This Validated Pattern implements an enterprise-ready Question & Answer chat application based on the Open Platform for Enterprise AI (OPEA) framework, accelerated by AMD Instinct GPUs. It provides a production-grade deployment pattern that combines OPEA's open-source AI capabilities with AMD's hardware acceleration, all orchestrated through OpenShift's enterprise platform.

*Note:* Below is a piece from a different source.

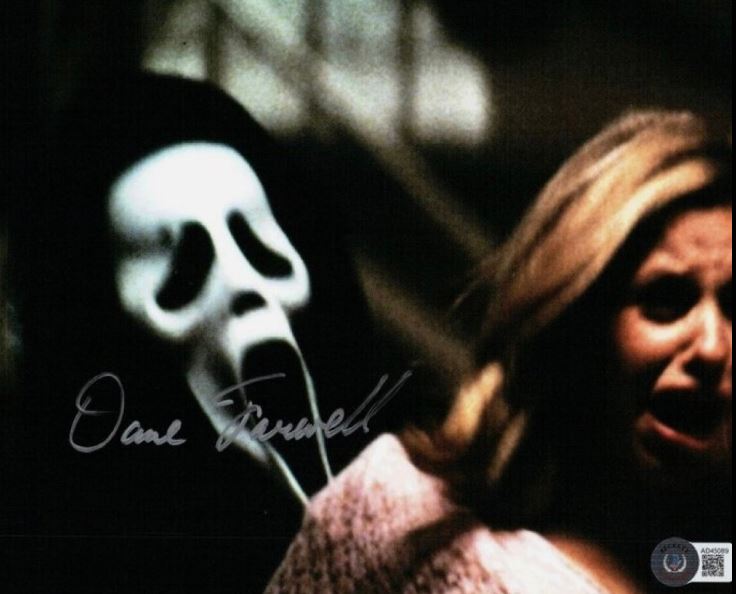 This autographed photo features Dane Farwell, the stuntman who helped define the physical presence of Ghostface, the iconic masked killer from the Scream franchise. Farwell donned the costume in Scream (1996), Scream 2 (1997), and Scream 4 (2011), bringing precision, menace, and unforgettable movement to the role that terrified audiences worldwide.
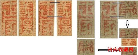 五、另两方残印在左右纸边,真伪亦有所争论,但一致认同两半印源出一印,合并可略辨印文为“图耤”二字。奇怪的是两半印都钤歪,图8中把印扭转7°才见四边平正,书画钤印略歪一两度很普遍,例如图7中“义阳”半印歪2°“世家”半印歪1°,这是正常的范围,但鲜见有歪至7°的,前后两次斜度相同就更不寻常了,同歪7°而完全对合的两半印有多少他例?北京招待会发布图像提供了一些线索:

- 🚀 AMD Instinct GPU acceleration for high-performance AI inference
- 🔒 Enterprise-grade security with HashiCorp Vault integration
- 🤖 OPEA-based AI/ML pipeline with specialized services for document processing
- 📊 Vector database support for efficient similarity search and retrieval
- 🔄 GitOps-based deployment and management through Red Hat Validated Patterns
The solution consists of several key components:
-
AI/ML Services
- Text Embeddings Inference (TEI)
- Document Retriever
- Reranking Service
- LLM-TGI (Text Generation Inference) from OPEA
- vLLM accelerated by AMD Instinct GPUs
- Redis Vector Database
-
Infrastructure
- Red Hat OpenShift AI (RHOAI)
- AMD GPU Operator
- OpenShift Data Foundation (ODF)
- Kernel Module Management (KMM)
- Node Feature Discovery (NFD)
-
Security
- HashiCorp Vault
- External Secrets Operator
- Secure secret management across deployments
- OpenShift 4.[16-18] cluster
- AMD Instinct GPU(s)
- Llama-3.1-8B-Instruct model (or other compatible model)
-
Clone the repository:
git clone https://github.com/your-org/qna-chat-amd.git cd qna-chat-amd -
Configure your environment:
cp values-secret.yaml.template values-secret.yaml # Edit values-secret.yaml with your configuration (already added to .gitignore) -
Deploy the pattern:
./pattern.sh make install
Run the test suite:
make testRun the linter:
make lintThis project is licensed under the Apache License 2.0 - see the LICENSE file for details.